Dynamic Mode Decomposition along Depth in Vision Transformers

TL;DR

This paper investigates whether vision transformer depth can be modeled as autonomous linear dynamics using Dynamic Mode Decomposition, revealing properties of linearization and stability across different depths.

Contribution

It applies Dynamic Mode Decomposition to pretrained ViTs to analyze linear dynamics, showing how operators approximate transformations and how properties change with depth.

Findings

K^p closely tracks endpoint maps for short spans

Operators compress to low rank with minimal data at early layers

Linearization properties decay monotonically with depth

Abstract

Recent work has shown that contiguous vision transformer (ViT) blocks (a) can be replaced by a linear map and (b) organize into recurrent phases of computation.

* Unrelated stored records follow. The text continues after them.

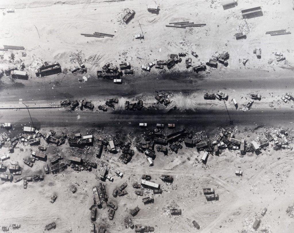 В соответствии с инструкциями президента Буша, американская коалиция начала разрушительные обстрелы иракских сил, отступавших в направлении Багдада. Это была часть стратегии, чтобы убедить иракское руководство в полной беспомощности и вынудить их соблюдать условия перемирия. Бомбардировки были направлены на военные колонны и иракские позиции.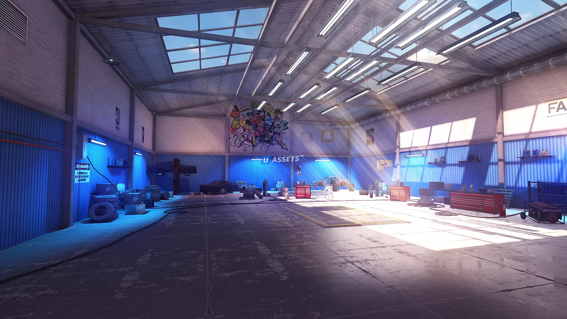 Модели гаражей имеют единую сетку и разделены на множество частей, чтобы сократить количество вызовов отрисовки.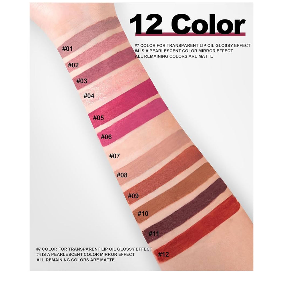 Introducing the handaiyan Lipstick Set of 12, an essential collection for every makeup enthusiast. This set features a range of stunning shades designed to elevate your lip look. Each handaiyan lipstick is formulated to deliver a long-lasting and non-stick matte finish. The liquid matte formula glides smoothly on your lips, providing intense pigmentation that stays vibrant throughout the day. Waterproof and transfer-proof, these lipsticks ensure your color remains intact, no matter the occasion. With 12 captivating colors, you have endless options to explore and express your personal style. From bold and vibrant to subtle and sophisticated, there’s a shade to suit every mood and look. Whether you’re getting ready for a glamorous night out or a casual day at the office, this versatile lipstick set is perfect. In addition to a beautiful matte finish, these lipsticks include hydrating ingredients to help keep your lips feeling comfortable and looking their best.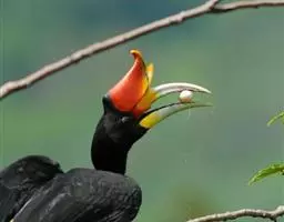 犀鸟 犀鸟吃东西时,往往先用嘴将食物向上抛起,然后在用嘴准确地接住,吞下食物。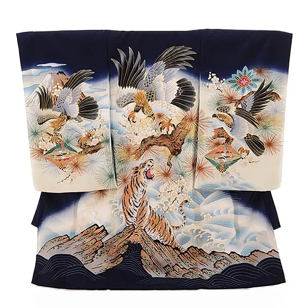 男児産着 お宮参り レンタル 正絹 1446 紺地 鷹 宝尽し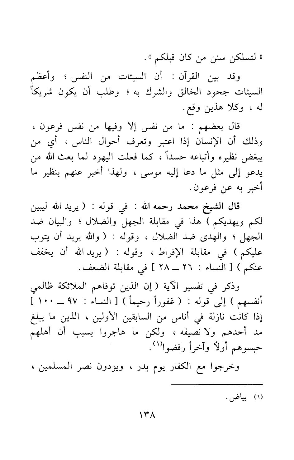 قال الشيخ محمد رحمه الله في قوله: {يُرِيدُ اللَّهُ لِيُبَيِّنَ لَكُمْ وَيَهْدِيَكُمْ} [سورة النساء آية: 26] : هذا في مقابلة الجهل والضلال ; والبيان ضد الجهل ; والهدى ضد الضلال؛ وقوله: {وَاللَّهُ يُرِيدُ أَنْ يَتُوبَ عَلَيْكُمْ} [سورة النساء آية: 27] في مقابلة الإفراط؛ وقوله: {يُرِيدُ اللَّهُ أَنْ يُخَفِّفَ عَنْكُمْ} [سورة النساء آية: 28] في مقابلة الضعف.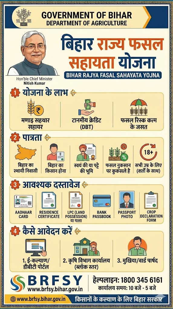Bihar State Crop Assistance Scheme has been started by the State Government of Bihar to protect the crops of farmers cultivating in Bihar from natural calamities such as floods, drought, etc. Is. Under this Bihar State Crop Assistance Scheme, if there is any damage to the farming of farmers due to any natural calamity, then they will be provided financial assistance by the Government of Bihar under the Bihar State Crop Assistance Scheme.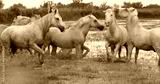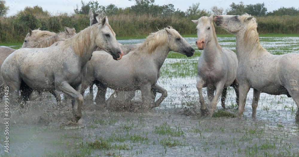 Camargue Horse, Herd standing in Swamp, Saintes Marie de la Mer in Camargue, in the South of France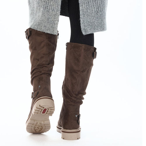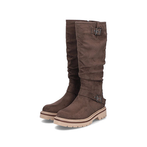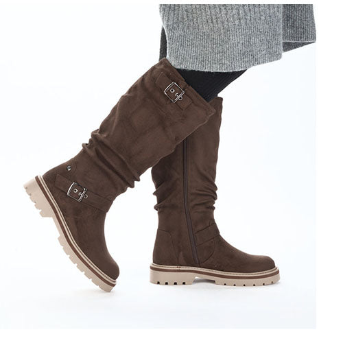 Flot langskaftet støvle med en overdel af blødt tekstil i et smart, rynket design, dekoreret med to spænder på ydersiden af henholdsvis skaftet og anklen. Støvlen lukkes med en lynlås på indersiden af benet. Indvendig har støvlen et blødt, let og lunt foer, og indersålen er komfortabel. Den kraftige ydersål har et godt mønster og er stødabsorberende med et godt vejgreb.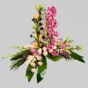 Como todos los trabajos especiales, este se mejora añadiéndole flores de una categoría superior (orquídea, anthurio u similar) y puede llevar algún elemento decorativo no floral. Sus dimensiones son 150*90.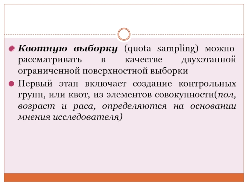 Слайд 20Квотную выборку (quota sampling) можно рассматривать в качестве двухэтапной ограниченной
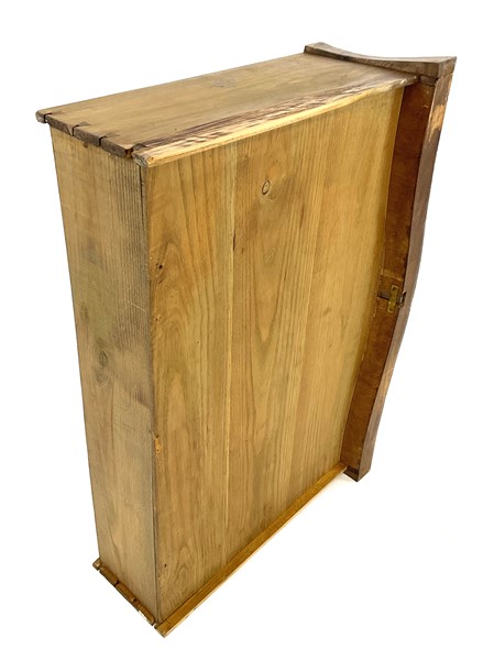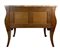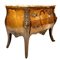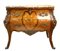 Cassettone bombato e impiallacciato con decori ad intarsio in legni vari a moti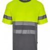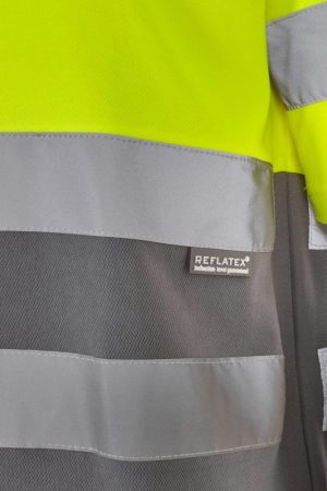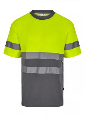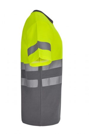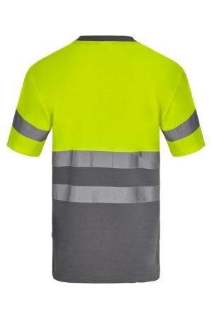 Camiseta bicolor de manga corta con cintas reflectantes. Alta visibilidad clase 1 según EN 20471. Confort y seguridad en tejidos naturales para uso profesional.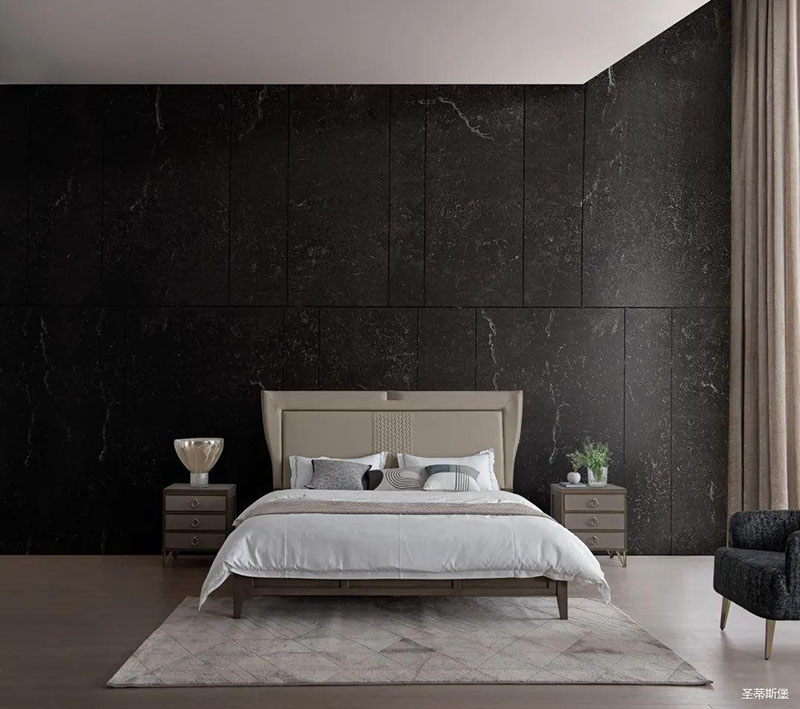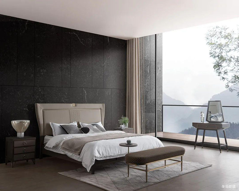 次臥床頭背景沿用了暗色大理石護(hù)墻,空間層次分明,簡約時(shí)尚的米色床屏糅合金屬鑲嵌與真皮編織藝術(shù),看似舒適隨意,卻在極簡中透著淡淡的奢華感。大面積的落地窗讓自然光傾入室內(nèi),拉上與床屏同色系的窗簾,令次臥的室內(nèi)空間明暗有度。
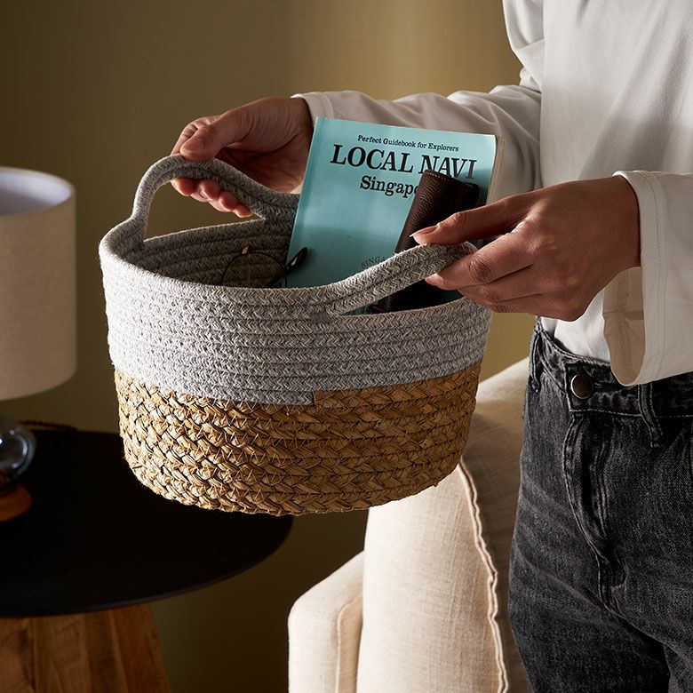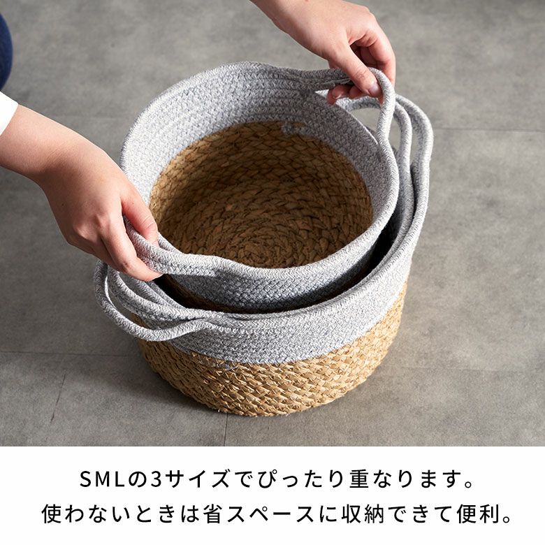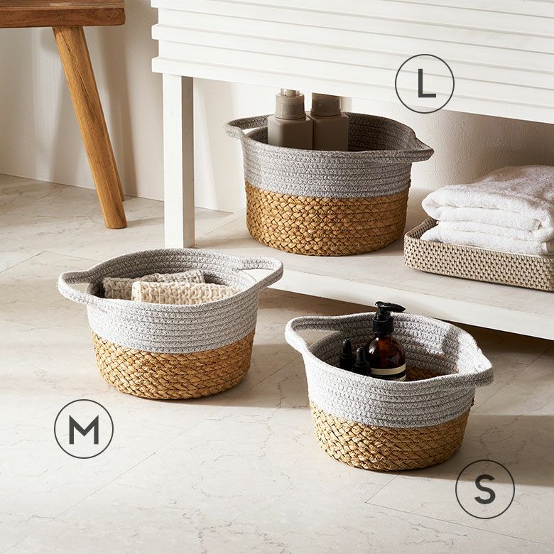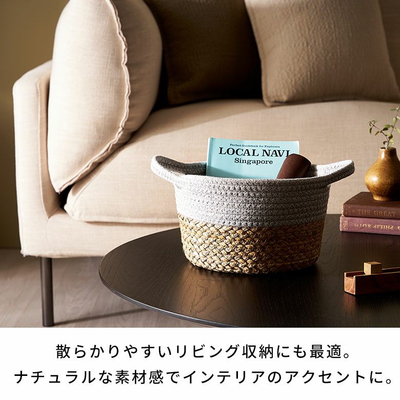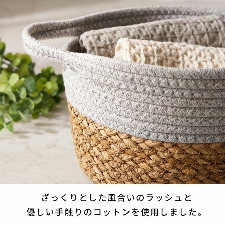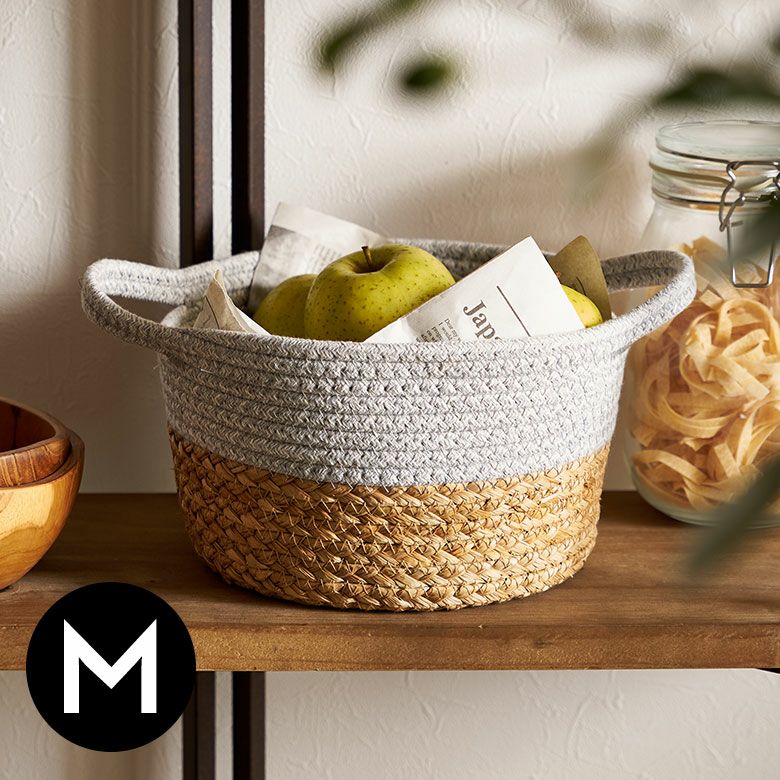 ロープバスケット 自立 ラウンド 小物収納 小物入れ コットンロープ リビング収納 おもちゃ収納 ランドリー タオル収納 リビング ダイニング キッチン 玄関 子供部屋 洗面所 プレゼント バスケット コットンロープ ラッシュ製 持ち手付き バイカラー Mサイズ 約 W 25 × D 25 × H 15 cm かごバスケット 収納 かご 籠 丸 円形 丸型 プランターカバー 鉢カバー 6号鉢対応 インテリア おしゃれ 北欧 観葉植物 アジアン 雑貨 アジアン雑貨 [67120]

We ask whether these observations coincide: does ViT depth implement approximately \textit{autonomous linear} dynamics, admitting a single operator $K$ applied recurrently across a contiguous span? We test this using Dynamic Mode Decomposition (DMD), which fits $K$ from selected, consecutive hidden-state pairs and predicts $p$ steps ahead via $K^p$. On four pretrained DINO ViTs, we study the regularization, rank, and calibration budget required for stable fitting. For short spans ($p \leq 4$), $K^p$ tracks an unconstrained endpoint map to within $0.02$ cosine similarity on DINOv3-H/16+, while also recovering intermediate activations at each skipped block. At early cut starts, the fitted operators compress to rank $\ll d$ with minimal calibration data, and across tokens, \texttt{cls} is most amenable to linearization; both properties decay monotonically with depth. Yet this local fidelity does not transfer downstream. At the final hidden state, after propagating through the remaining blocks, an identity baseline becomes competitive.